Amid asking each other for a tube of toothpaste in the green room before their performance and finally finding a tube to brushing their teeth at the sink, the members of CAST-an acronym of the musicians’ last names (Coryell, Auger, Sample, and the “T” stands for Trio)-discuss their backgrounds , musical influences and the mixed blessing of the Internet.
“I started the bass when I was sixteen,” said Nick Sample, a self-confessed “LA boy” who grew up in Inglewood and Hollywood. The latter is where he attended the Musician’s Institute before moving to Boston to attend the Berklee College of Music.
“I have ’em all in cassette,” said co-Berklee College-alumnus Julian Coryell, referring to the recordings of jazz guitarists Scott Henderson, John Scoffield, and Pat Matheny. “I still have a cassette collection.”
As the twenty-somethings who trickled in just before the show can attest, Julian Coryell seems like a pacified and beatific version of the guitarist Slash of Guns ‘N Roses. On the raunchier songs the group performs later in the evening such as the funk-inspired “Coolidge Returns,” his Medusa ringlets steam as he fingers his guitar into masturbatory frenzy.
Having grown up with music, Coryell has seen many changes, among which are the role of the major labels, which he says are “relics of the past that have lost their power because of technology.”
The major labels’ domain was traditionally through radio and television. But the Internet has shifted the paradigm. Still, he says, the competition is tighter since there are more players on the field.
“It’s a mixed blessing. It’s hard to know who to listen to.”

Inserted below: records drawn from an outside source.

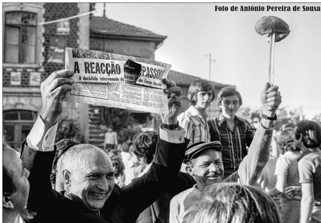
Esta foto vai estar na exposição e é idêntica à que a Associated Press difundiu em agosto de 75, também da autoria de Pereira de Sousa, tendo sido publicada em centenas de jornais por esse mundo fora.

Das “muitas centenas” de fotografias que tirou nesses dias, menos de uma centena nunca foi editada. E dessas foram escolhidas 50 para a exposição, tantas quantas o autor doou à CMV e que a associação mostrará em público pela primeira vez.
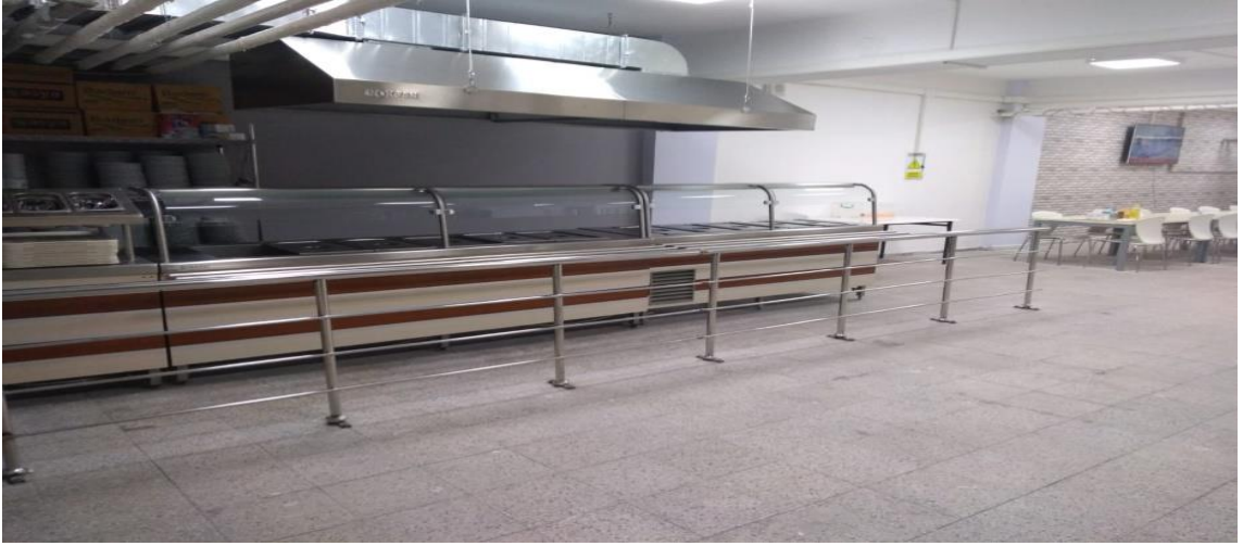
Fakültemiz Yemekhanesinden Bir Kesit.

Öğrenci ve Personel Yemekhane Kapasitesi: 210 Kişi
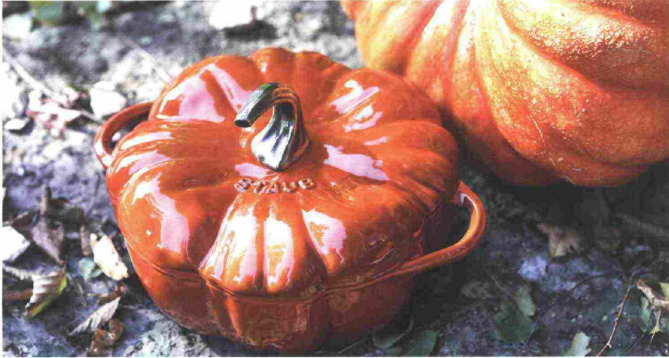
Gli Speciali di Staub: cocotte in ghisa dalle forme evocative
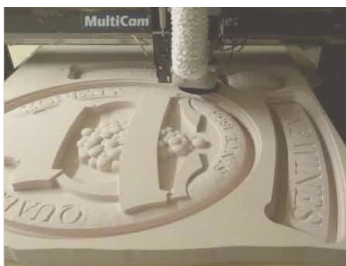
3D Фрезеровка форм для вакуумформовки
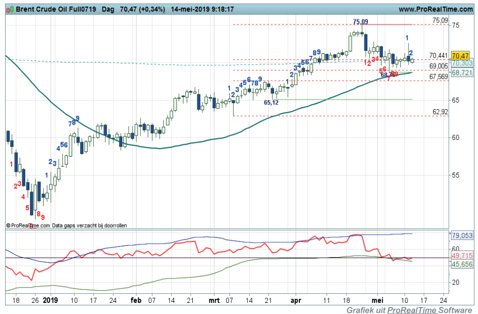
Daggrafiek BrentOil

Conditie: Up. Coaching: koopposities kunnen worden gehandhaafd. Onder 68 gaat een negatieve overgangsfase van start.
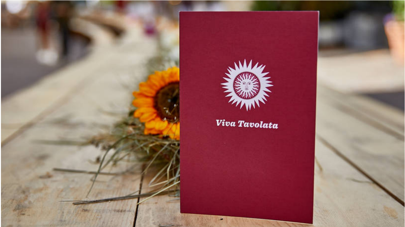
Ein Jubiläumsjahr: Zum zehnten Mal findet die Tavolata St. Moritz statt.
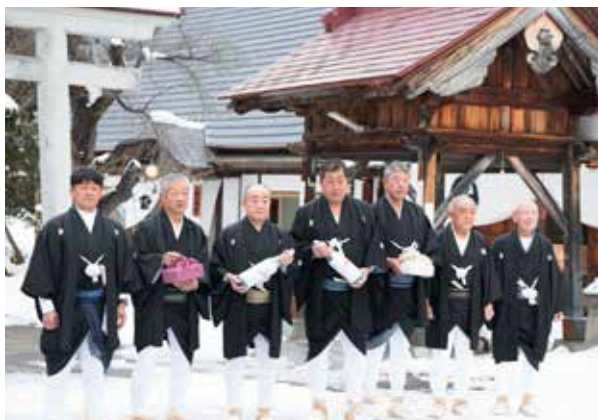
神供と神酒を手ねり歩く男衆
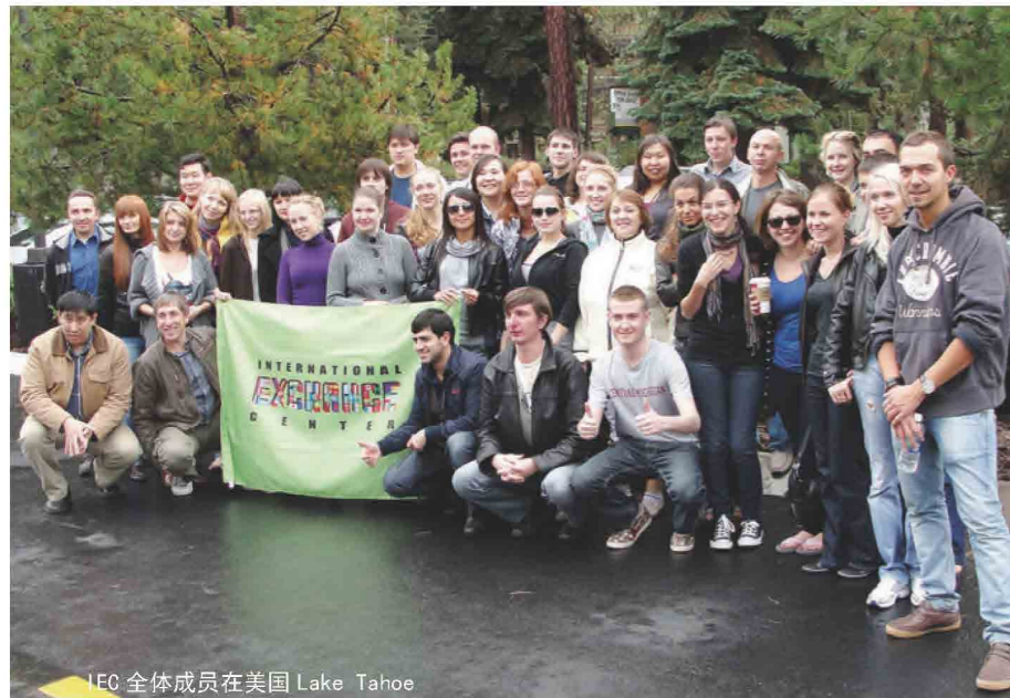
IEC 全体成员在美国 Lake Tahoe
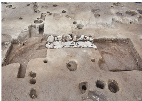
両側に溝をもつ炉跡 (SL23)
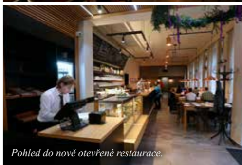
K textu na straně 12
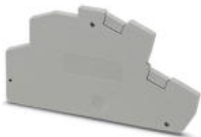
Abbildung zeigt ähnlichen Artikel

Abschlussdeckel, Länge: 78 mm, Breite: 2,2 mm, Farbe: grau
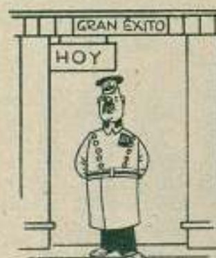
Antes lucía ya un magnífico uniforme de portero...

“Internet has flooded the market with (so much) music that it’s daunting,” chimes in London-born Karma Auger, who didn’t start playing drums until he was twenty years old. He “didn’t want to jump straight into it,” because he wanted to have a carefree youth. “It’s a bit of a pendulum. But it’s been a gigantic help. Our parents would have dreamed of that.”
Most of the gray-haired attendees of Jazz 88.3’s evening presentation of the group CAST had a vague clue of what to expect.”I’m here in the interest of jazz and young jazz artists,” said Rick Vallese.
Those who had any clue only knew CAST’s fathers. “I have some of their fathers’ discs,” said Dave, an audience member, describing their fathers’ music as “screaming into the outer zones.”
“I’m very fond of Joe Sample,” said John Bruno, a “card-carrying member” of 88.3, noting that any performance by their offspring will be “a rejuvenation of what their parents did.”
Whatever the audience expected or didn’t, they were cheering and applauding and even laughing at Nick Sample’s one-liners towards the end of the evening.
To the paso doble trance of the quiet “The Spanish” to the pulsating chords of “Purple Panther” to the overamped sound of “Walk of the Dragon, “the last so highly acidic it could have upstaged Chernobyl by melting the brick walls of the Saville, CAST delivered.